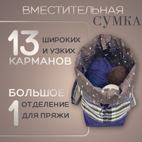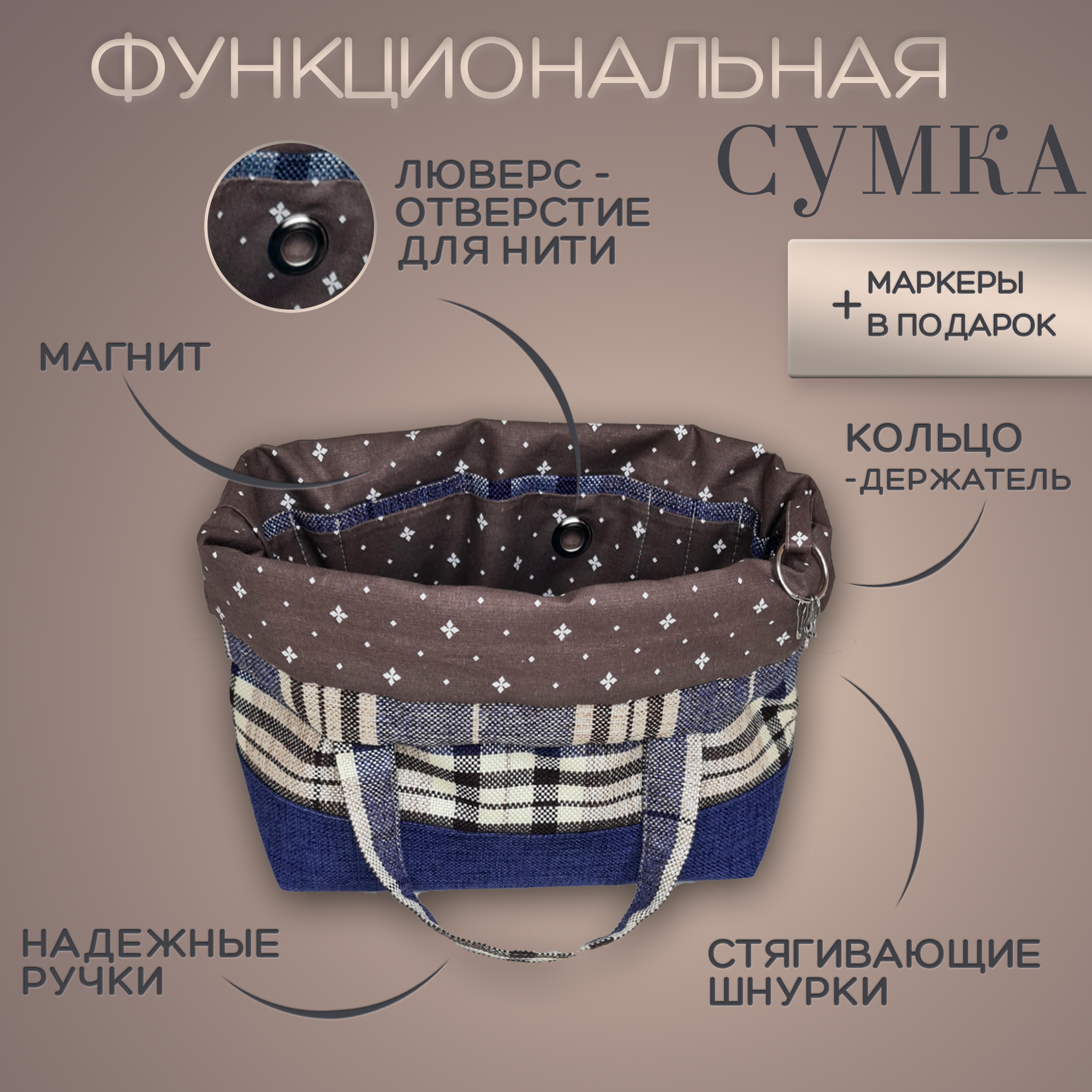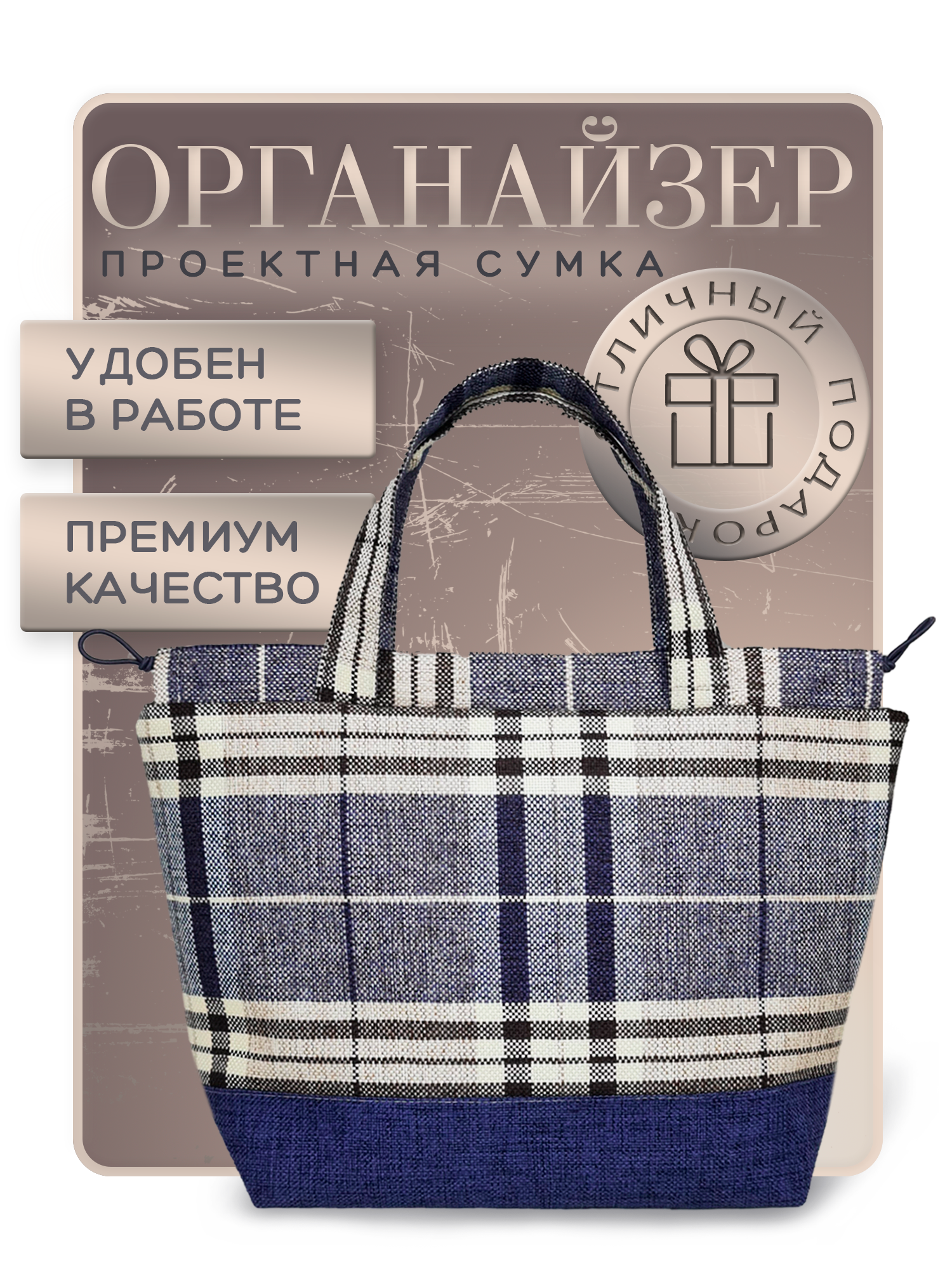 Проектная сумка для вязания и рукоделия (большого размера: высота 28,5 см, ширина 41 см, дно 14,5 х 27 см), украшенная тканью-компаньон. Сумка темно-синего цвета в серо-бежевую клетку выглядит максимально эффектно и очень стильно. Такая будет, только у Вас! Сумка на темно-коричневой подкладке с рисунком молочного цвета затягивается на шнурок с двух сторон. Внутри по всему периметру 13 карманов разного размера - от самых узких: для крючков, ножниц (сниппера), ручки, маркера, сантиметровой ленты, наперстка, до самых вместительных: для набора спиц, схем, блокнота, телефона, подставки под телефон, счетчика рядов и других принадлежностей, которые будут у Вас всегда под рукой. Сумка поможет организовать рабочие пространство и держать в порядке все нужные инструменты для рукоделия. Имеются две ручки длинной 40 см, металлический люверс для пряжи, разъемное кольцо для маркеров в подарок и небольшой магнит для временного прикрепления маленьких металлических предметов. Проектную сумку удобно брать с собой в дорогу, на прогулку, в путешествие, везде, где можно присесть и получить удовольствие от любимого занятия. Захотел повязать - достал сумку, а все необходимое уже в ней. Это отличный подарок любимой маме и дочке, жене и бабушке, тёте и свекрови или сестре и коллеги по работе на день рождения, 8 марта, день матери, день учителя, 14 февраля или Новый год. Обратите внимание: сумка продается пустой, без внутреннего вязального реквизита, который есть на фотографиях. Изображения и цвет представленного товара могут незначительно отличаться от оригинала продукции, в зависимости от разрешения и настроек вашего монитора, а также условий освещения при съемке.
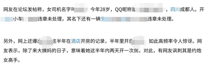 還有網友人肉出女司機的更多信息,公開發布,質疑其私生活,進行人身攻擊。
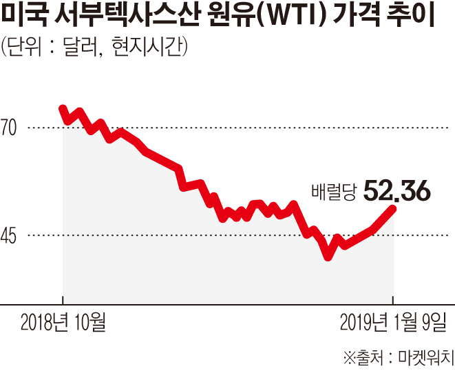 월스트리트저널(WSJ)에 따르면 WTI는 8거래일째 올라 지난달 13일 이후 최고치를 기록했다. 또 최근 저점인 지난달 24일의 배럴당 42.53달러에서 23% 상승하면서 강세장에 진입했다. 여전히 WTI는 지난해 10월 초 찍었던 4년 만의 최고치 배럴당 76.41달러보다는 31% 낮은 상태다. 글로벌 유가 벤치마크인 브렌트유 가격은 4.6% 뛴 배럴당 61.44달러로, 역시 지난달 13일 이후 최고치를 나타냈다.
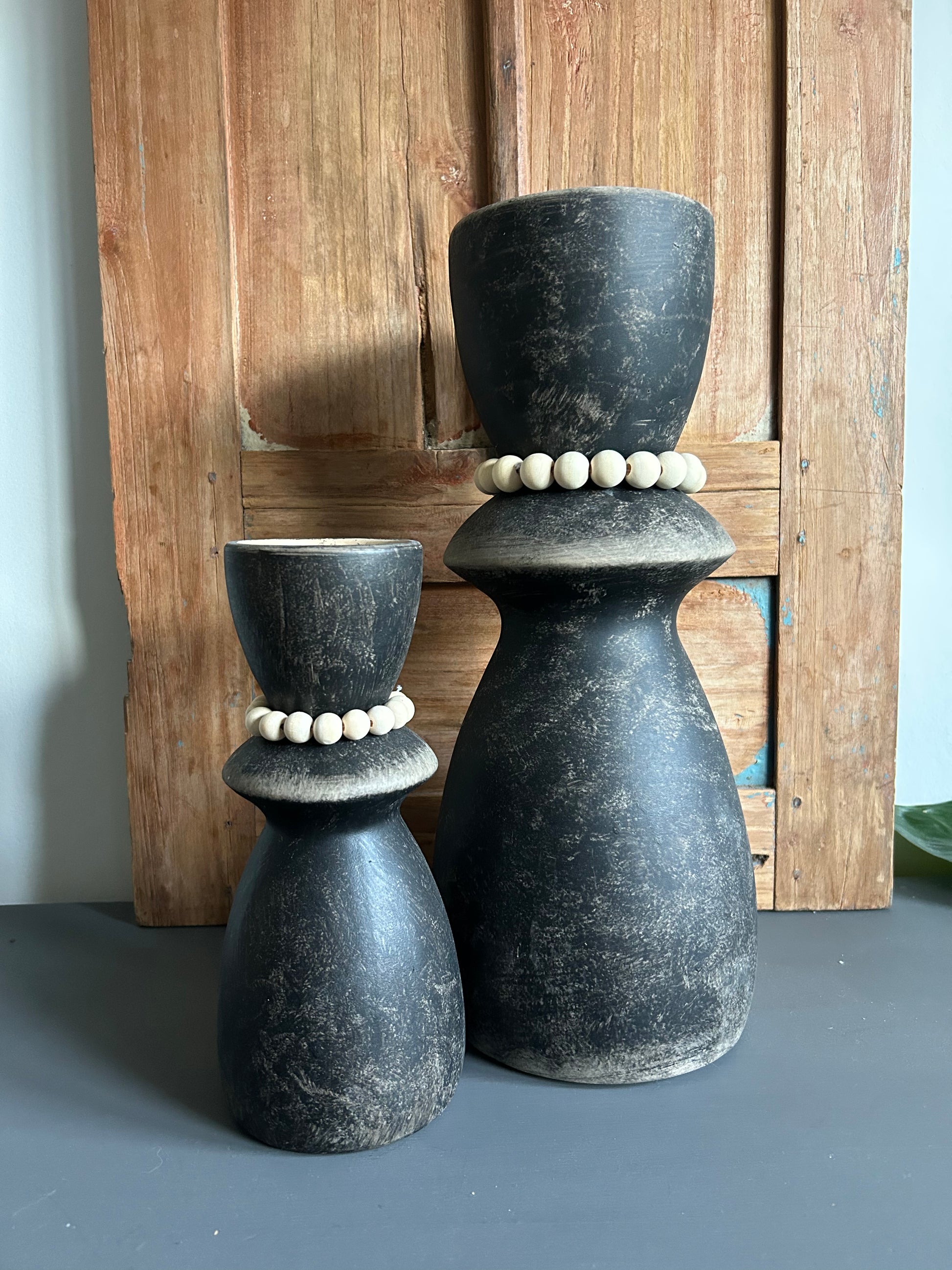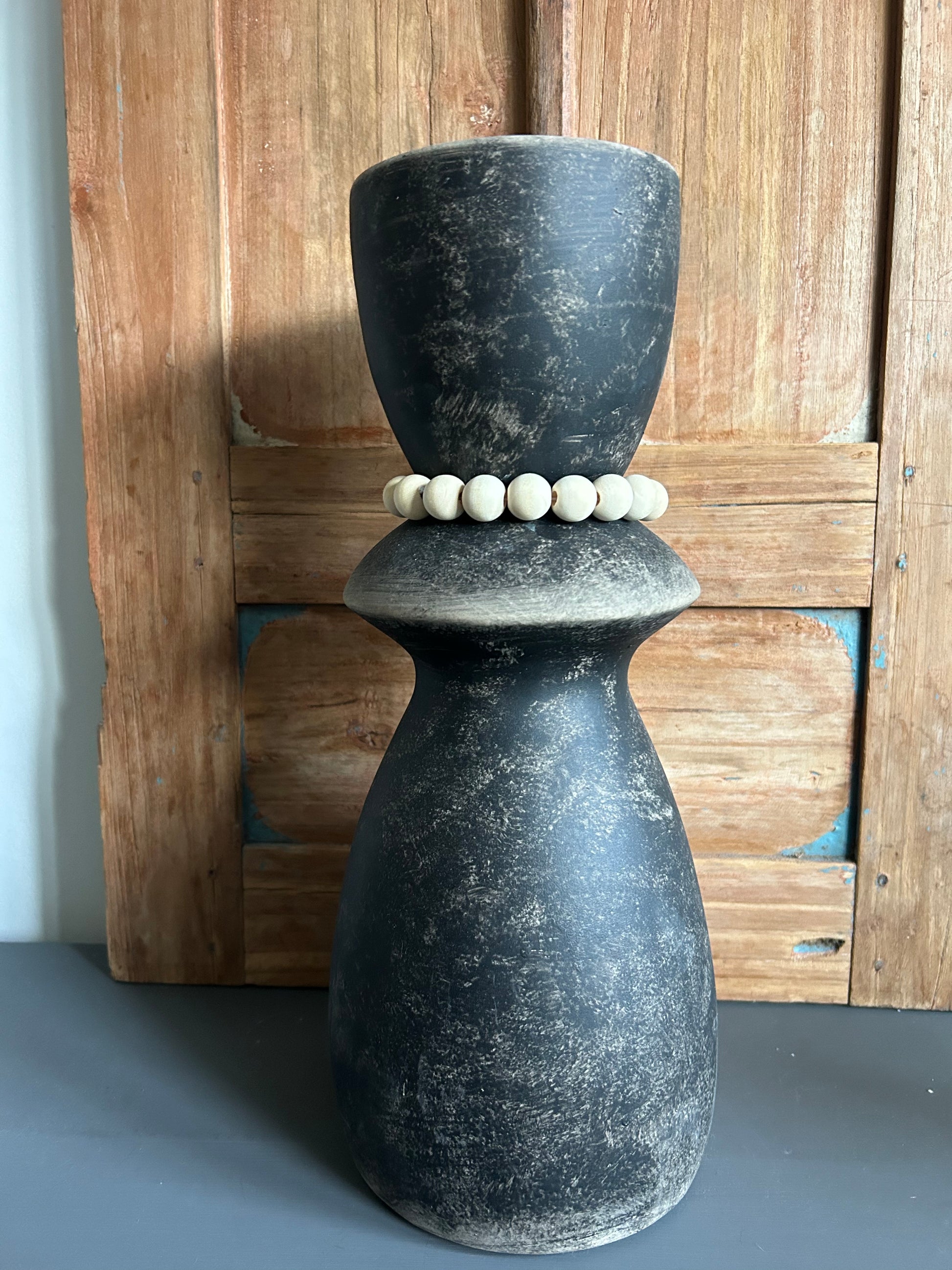 leuke vaas met houten kralen om de hals(kan er ook af)
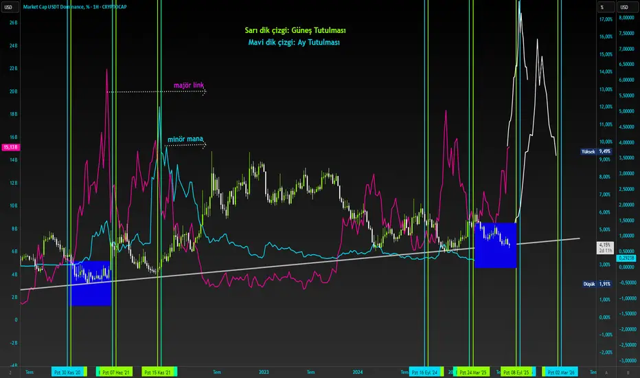 Lacivert alanda link yine çıkışını yapıyor ve güneş tutulmasına kadar artış gözüküyor. Güneş tutulması öne geçince kademeli ayı gelecek arkadaşlar. Biliyorsunuz ki; Güneş ve ay analizi bitcoin için yapılıyor. Altcoinler bitcoin tepede durunca artar. Bu yüzden 18 eylülden sonra bitcoin son ath ile tamamlanıp sezonunu altcoinlere devreder. Eth de durduğu an minör coinler sahneye gelir. Şimdi 18 eylüle kadar majör alanında olup 18 eylülde sert bir düşüş ardından kripto paralarda talep kayması ve minör coin geçiş aşaması gerçekleşir. ocak sonu gibi de komple düşüş bölgesinde olabiliriz. Zamansal olarak baktığınız zaman bu süreç 2 3 hafta sürer. Kasımda xrp 3 haftada tepe yaptığı için yine coinlerde aynısını yapacak.
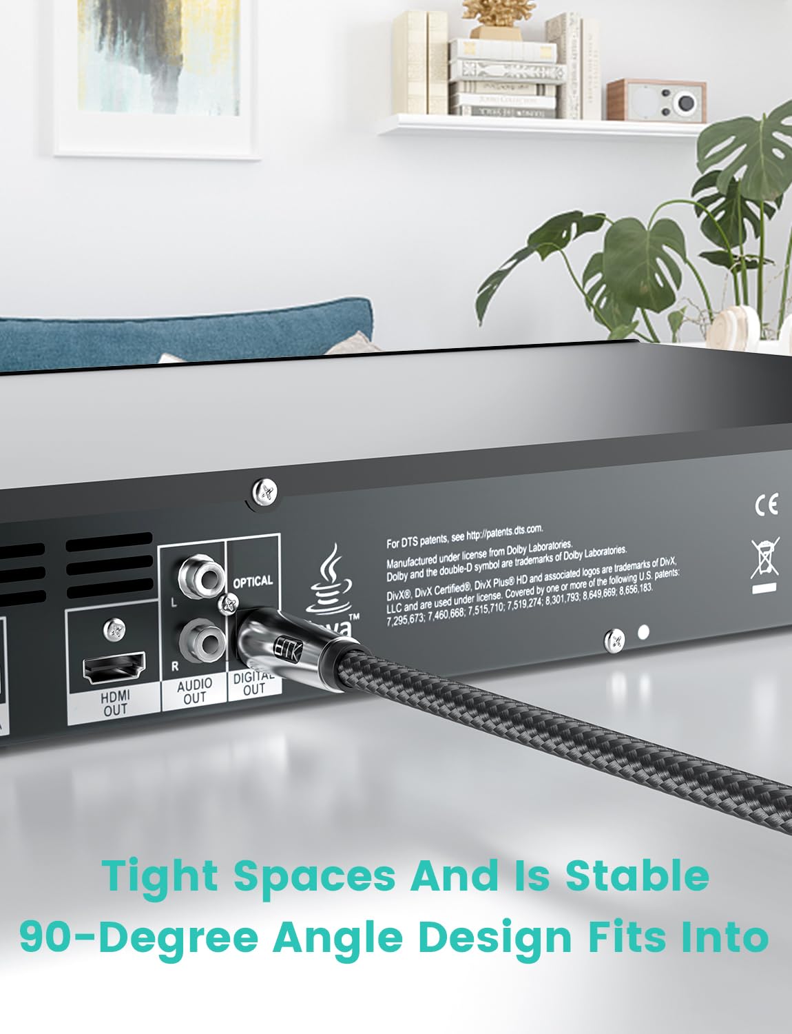 - ⭐[Platzsparendes Design] Das einzigartige 90-Grad-Design macht das optische Audiokabel ideal für wandmontierte Geräte und löst das Problem von begrenztem Platz zwischen Wand und Gerät.
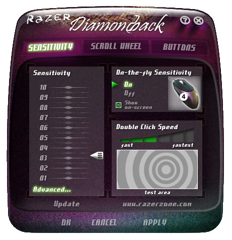 Razer的驱动程序更展现出了一种足够另类的风情。Diamondback驱动设计的相当全面,也很到位。不规则的界面设计更体现这款产品的与众不同。简单的配色方案使它看上去相当Cool。
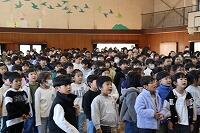 次に校長先生のお話がありました。3学期=0学期として次の学年に進級する準備の時間にしてほしいという話がありました。また、あいさつ・家での読書・自分から進んで学習することの3つに特に力を入れてがんばってくださいという話もありました。最後に全校生で校歌を3番まで斉唱して式は終わりました。
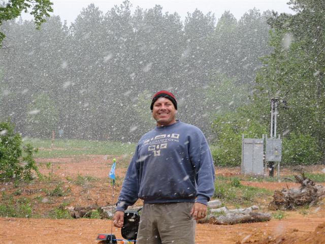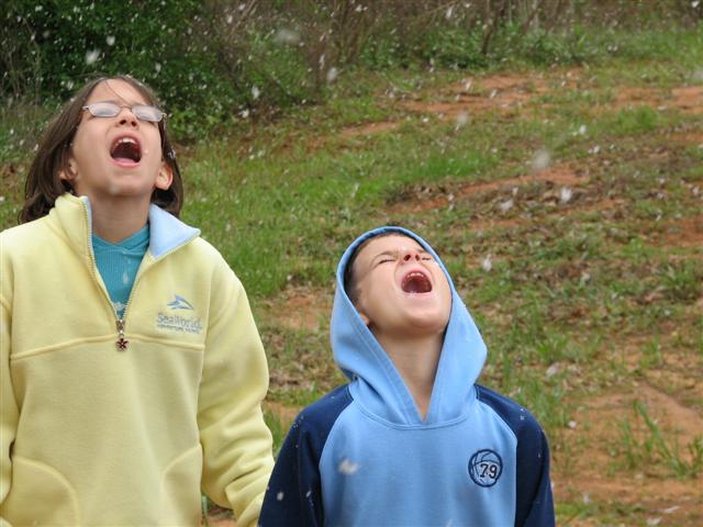 Ten minutes ago, 10:10am, our daughter yelled out that it's snowing outside!! Of course, we thought she was either joking, or had lost her mind. This is East Texas where we are famous for our heat and humidity. Not snow in April!!!!!!

▶ _What to do_: Pictures do not belong in the copy. Output all of the records exactly.

▶ _Answer to this exercise_:
 Проектная сумка для вязания и рукоделия (большого размера: высота 28,5 см, ширина 41 см, дно 14,5 х 27 см), украшенная тканью-компаньон. Сумка темно-синего цвета в серо-бежевую клетку выглядит максимально эффектно и очень стильно. Такая будет, только у Вас! Сумка на темно-коричневой подкладке с рисунком молочного цвета затягивается на шнурок с двух сторон. Внутри по всему периметру 13 карманов разного размера - от самых узких: для крючков, ножниц (сниппера), ручки, маркера, сантиметровой ленты, наперстка, до самых вместительных: для набора спиц, схем, блокнота, телефона, подставки под телефон, счетчика рядов и других принадлежностей, которые будут у Вас всегда под рукой. Сумка поможет организовать рабочие пространство и держать в порядке все нужные инструменты для рукоделия. Имеются две ручки длинной 40 см, металлический люверс для пряжи, разъемное кольцо для маркеров в подарок и небольшой магнит для временного прикрепления маленьких металлических предметов. Проектную сумку удобно брать с собой в дорогу, на прогулку, в путешествие, везде, где можно присесть и получить удовольствие от любимого занятия. Захотел повязать - достал сумку, а все необходимое уже в ней. Это отличный подарок любимой маме и дочке, жене и бабушке, тёте и свекрови или сестре и коллеги по работе на день рождения, 8 марта, день матери, день учителя, 14 февраля или Новый год. Обратите внимание: сумка продается пустой, без внутреннего вязального реквизита, который есть на фотографиях. Изображения и цвет представленного товара могут незначительно отличаться от оригинала продукции, в зависимости от разрешения и настроек вашего монитора, а также условий освещения при съемке.
 還有網友人肉出女司機的更多信息,公開發布,質疑其私生活,進行人身攻擊。
 월스트리트저널(WSJ)에 따르면 WTI는 8거래일째 올라 지난달 13일 이후 최고치를 기록했다. 또 최근 저점인 지난달 24일의 배럴당 42.53달러에서 23% 상승하면서 강세장에 진입했다. 여전히 WTI는 지난해 10월 초 찍었던 4년 만의 최고치 배럴당 76.41달러보다는 31% 낮은 상태다. 글로벌 유가 벤치마크인 브렌트유 가격은 4.6% 뛴 배럴당 61.44달러로, 역시 지난달 13일 이후 최고치를 나타냈다.
 leuke vaas met houten kralen om de hals(kan er ook af)
 Lacivert alanda link yine çıkışını yapıyor ve güneş tutulmasına kadar artış gözüküyor. Güneş tutulması öne geçince kademeli ayı gelecek arkadaşlar. Biliyorsunuz ki; Güneş ve ay analizi bitcoin için yapılıyor. Altcoinler bitcoin tepede durunca artar. Bu yüzden 18 eylülden sonra bitcoin son ath ile tamamlanıp sezonunu altcoinlere devreder. Eth de durduğu an minör coinler sahneye gelir. Şimdi 18 eylüle kadar majör alanında olup 18 eylülde sert bir düşüş ardından kripto paralarda talep kayması ve minör coin geçiş aşaması gerçekleşir. ocak sonu gibi de komple düşüş bölgesinde olabiliriz. Zamansal olarak baktığınız zaman bu süreç 2 3 hafta sürer. Kasımda xrp 3 haftada tepe yaptığı için yine coinlerde aynısını yapacak.
 - ⭐[Platzsparendes Design] Das einzigartige 90-Grad-Design macht das optische Audiokabel ideal für wandmontierte Geräte und löst das Problem von begrenztem Platz zwischen Wand und Gerät.
 Razer的驱动程序更展现出了一种足够另类的风情。Diamondback驱动设计的相当全面,也很到位。不规则的界面设计更体现这款产品的与众不同。简单的配色方案使它看上去相当Cool。
 次に校長先生のお話がありました。3学期=0学期として次の学年に進級する準備の時間にしてほしいという話がありました。また、あいさつ・家での読書・自分から進んで学習することの3つに特に力を入れてがんばってくださいという話もありました。最後に全校生で校歌を3番まで斉唱して式は終わりました。
 Ten minutes ago, 10:10am, our daughter yelled out that it's snowing outside!! Of course, we thought she was either joking, or had lost her mind. This is East Texas where we are famous for our heat and humidity. Not snow in April!!!!!!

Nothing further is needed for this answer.